Healthy Almond Flour Shortbread Cookies that are made with almond flour, sugar-free chocolate, butter and natural sweetener. It’s so delicious that you won’t believe these cookies are actually healthier than the traditional shortbread cookie recipes.
Shortbread cookies are one of my favorite kinds of cookies to bake for Christmas. I love them especially because of the texture and how crunchy they are. Mm.. So good! The holiday season always gets me in the baking mood and so far I’ve made my Chocolate Almond Butter Cookies, Coconut Flour Chocolate Chip Cookies, and I’ll be working through these 12 Healthy Gluten-free Cookies Recipes (Web Story) this week!
Although traditional shortbread cookie is amazing, today I’m sharing with you my healthy version that I think you’ll be amazed by the flavour and the texture too. To be really honest with you, I think these Almond Flour Shortbread Cookies are as good or if not better than the shortbread cookie made with white flour.
Ingredients to Make These Almond Flour Shortbread Cookies
To make this Almond Flour Shortbread Cookies recipe, you’ll need only 6 ingredients and here they are:
- Almond flour — Almond flour adds a mild sweetness to the cookies. If you want your almond flour to last longer, store it in your fridge.

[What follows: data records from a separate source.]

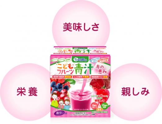 野菜嫌い・偏食などの理由で栄養が偏りがちなお子様のために開発された「こどもフルーツ青汁」。
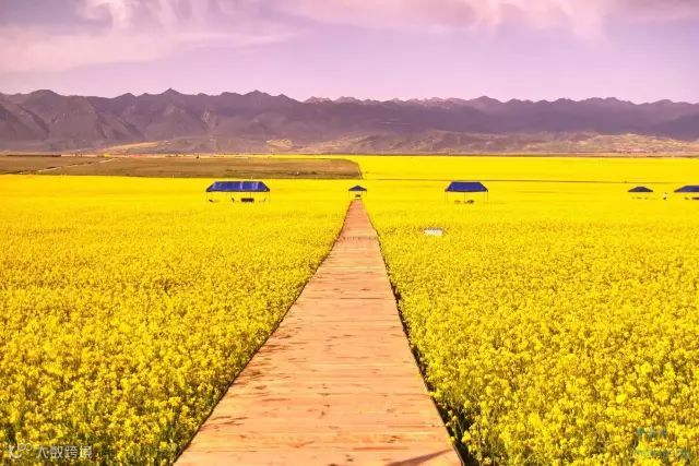 7、8月之时,环湖千亩的油菜花竞相绽放。碧波万顷的湛蓝外围散布着金灿灿的亮黄,高山牧场的野花五彩缤纷,如绸似锦,数不尽的牛羊膘肥体壮,点缀其间。
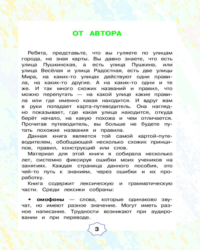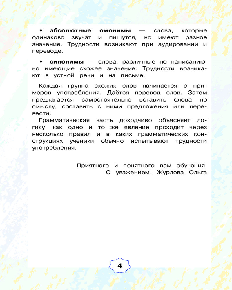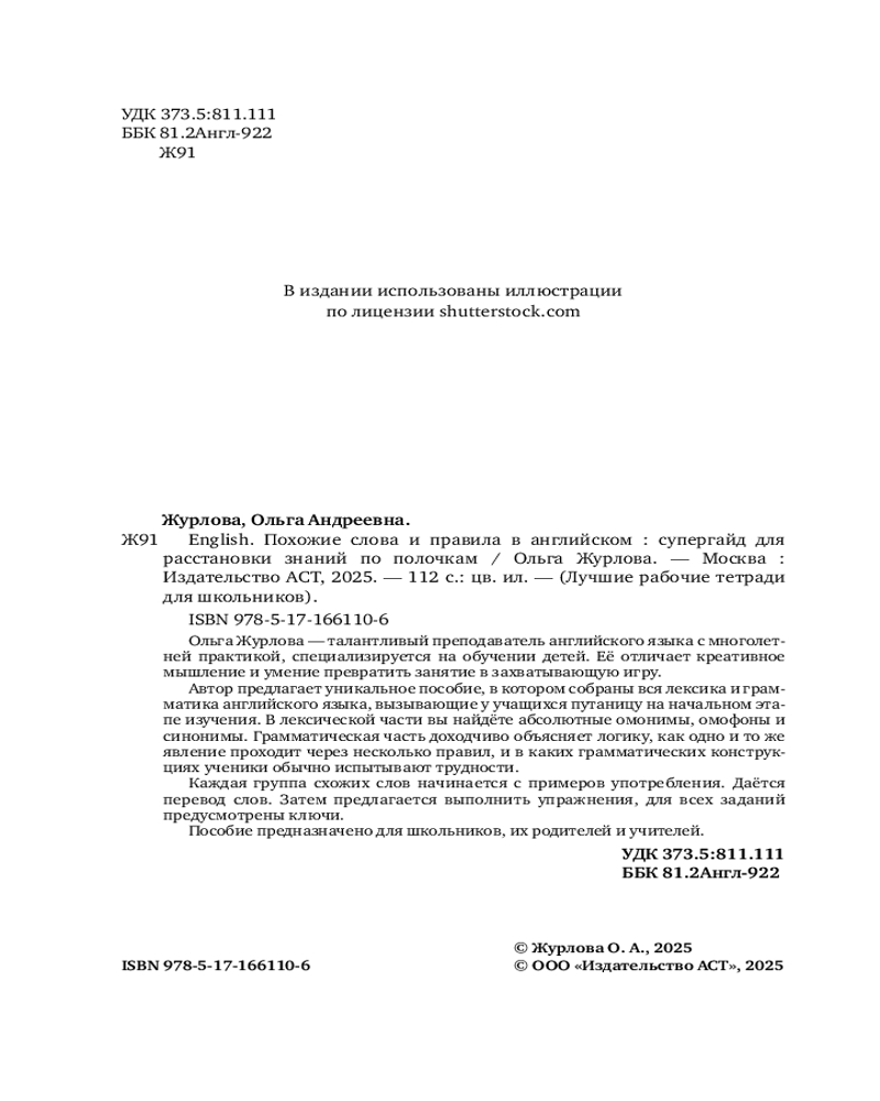 💳 Оплатить за товар можно при получении 🇰🇿 Есть бесплатная доставка по Казахстану от 1 дня 🎁 Копите бонусы с каждой покупки Серия: Лучшие рабочие тетради для школьников Ольга Журлова — талантливый преподаватель английского языка с многолетней практикой, специализируется на обучении детей. Её отличает креативное мышление и умение превратить занятие в захватывающую игру. Автор предлагает уникальное пособие, в котором собраны вся лексика и грамматика английского языка, вызывающие у учащихся путаницу на начальном этапе изучения. В лексической части вы найдёте абсолютные омонимы, омофоны и синонимы. Грамматическая часть доходчиво объясняет логику, как одно и то же явление проходит через несколько правил, и в каких грамматических конструкциях ученики обычно испытывают трудности. Каждая группа схожих слов начинается с примеров употребления. Даётся перевод слов. Затем предлагается выполнить упражнения, для всех заданий предусмотрены ключи. Пособие предназначено для школьников, их родителей и учителей. |
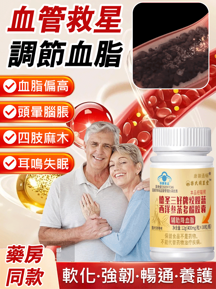 【一粒速降血脂】絞股藍西洋參茶多酚膠囊
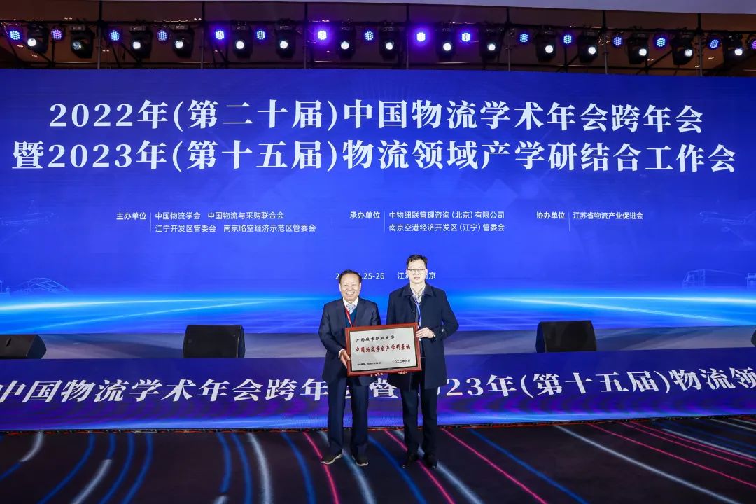 中国物流学会、中国物流与采购联合会主办的第二十次中国物流学术年会于2月24日至26日在江苏南京召开。会上,中国物流学会公布了新一批产学研基地名单,聘任了新一批特约研究员,并颁发产学研基地牌匾及特约研究员聘书。我校荣获第七届第一批“中国物流学会产学研基地”,同时管理学院唐臣院长受聘为中国物流学会常务理事、第七届特约研究员。
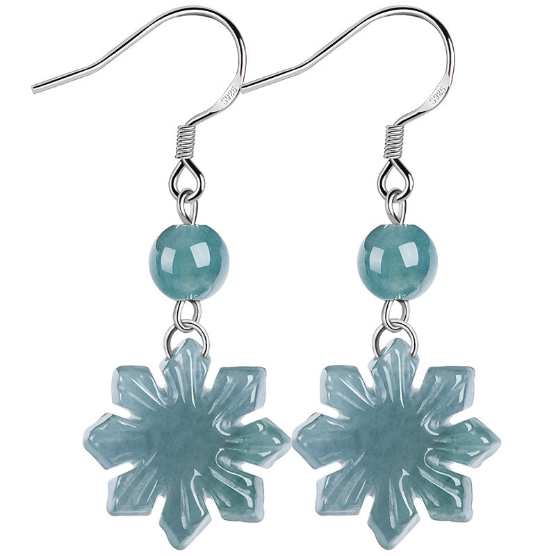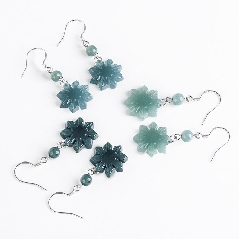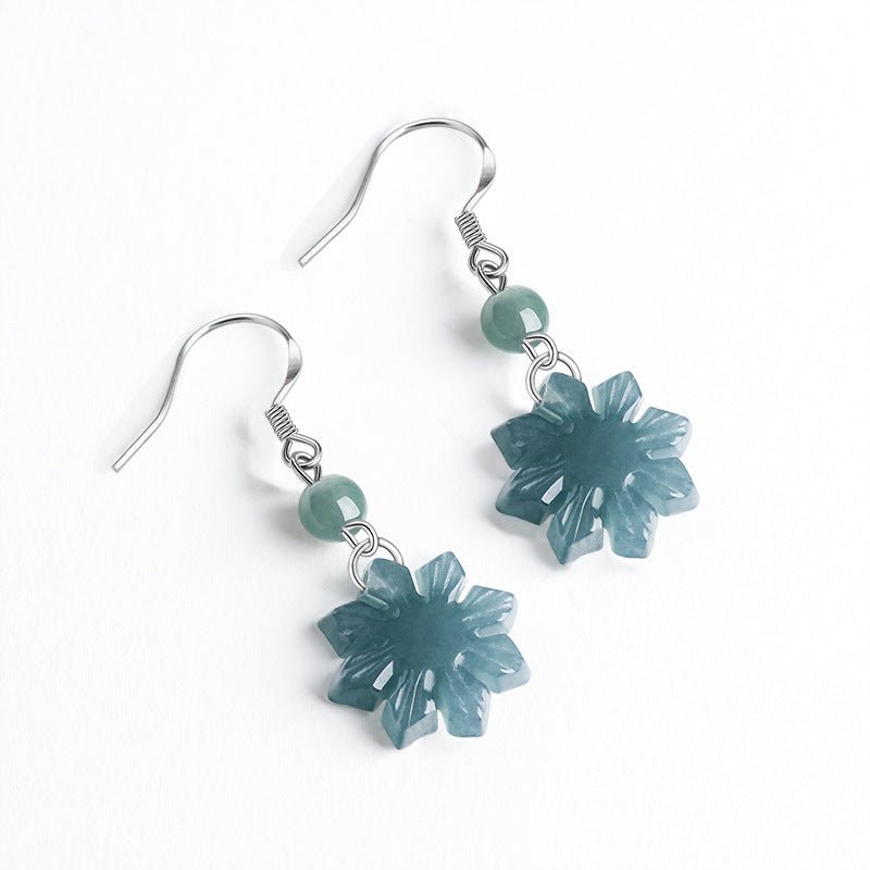 Natural Jade Earrings Silver Flower Jadeite Earrings TUEG379
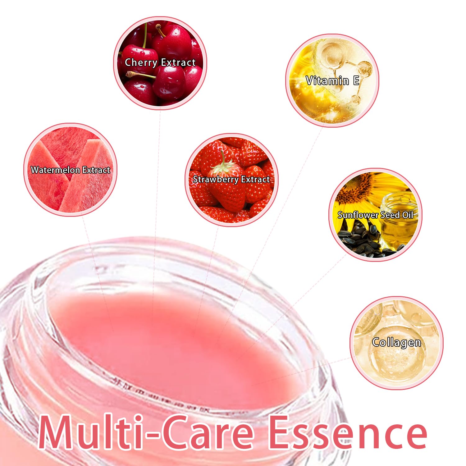 đăSafe IngredientsăRich in natural Watermelon, Cherry and strawberry extract, vitamin E and other essence formula, honey lip balm is rich in moisturizing factors, which is gentle, safe and easily soften the cutin, moisturize the lip skin, and give you health and beauty Lips.
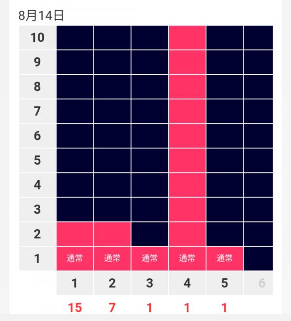 1300回転通常ひーて 113回転やめ台に 1500円で初当たりひーて ラッシュ(≧∇≦)/ 喜ばせといて痛恨のスルー(`ε´) 追い銭5500円で 初当たり2回目(≧∇≦)/ 7連してくれて即やめ上等ヾ(´∇`)ノ そしたらたまげたたまげた(*○o○) 5500円位で 237回転から一撃15連チャン!!! まさか1300回転通常台が 見事なVグラフになるなんて 想像してなかったよ(´・_・`) 多分やめたオタク風の兄ちゃん 台叩いてやめたバツなのかも きっとかなりの 投資してたんだろうな(´・_・`) 気の毒だけど 台は叩いたらダメですよね(o^^o) 心に余裕を持たないと 当たりはついてこないんだよね(´ヮ`;)
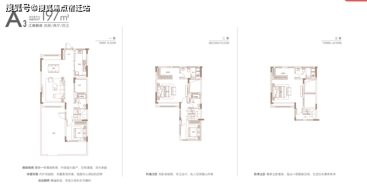 建面约197㎡滨水联排:四卫浴设计,贴心为居者考量,雍享从容的起居生活。

- Grass-fed Softened Butter — Make sure to plan ahead and bring the butter to room temperature so you can easily mix the ingredients together. I use grass-fed butter and recommend you use the unsalted version as you’re already adding salt into the cookie dough.
- Natural Sweetener — Use any one of your preferences.
- Salt — You just need a pinch to balance out the flavours.
- Vanilla Extract — I recommend you use real vanilla extract and not artificial extract.
- Dark Chocolate Chips — Alternatively, you can use sugar-free chocolate chips.
Since this recipe is made with almond flour (which helps the cookies to be light and tender), you won’t need lots of butter to make them. In fact, you’ll use only 3 tablespoons of softened butter because almond flour already contains lots of healthy fats. Only 3 tablespoons of butter are more than enough to keep the dough crunchy, flaky, and delicious.
Also, this version of the traditional shortbread cookie tastes yummy even though it contains only 3 tablespoons of sweetener. You won’t need more than that to make these Almond Flour Shortbread Cookies.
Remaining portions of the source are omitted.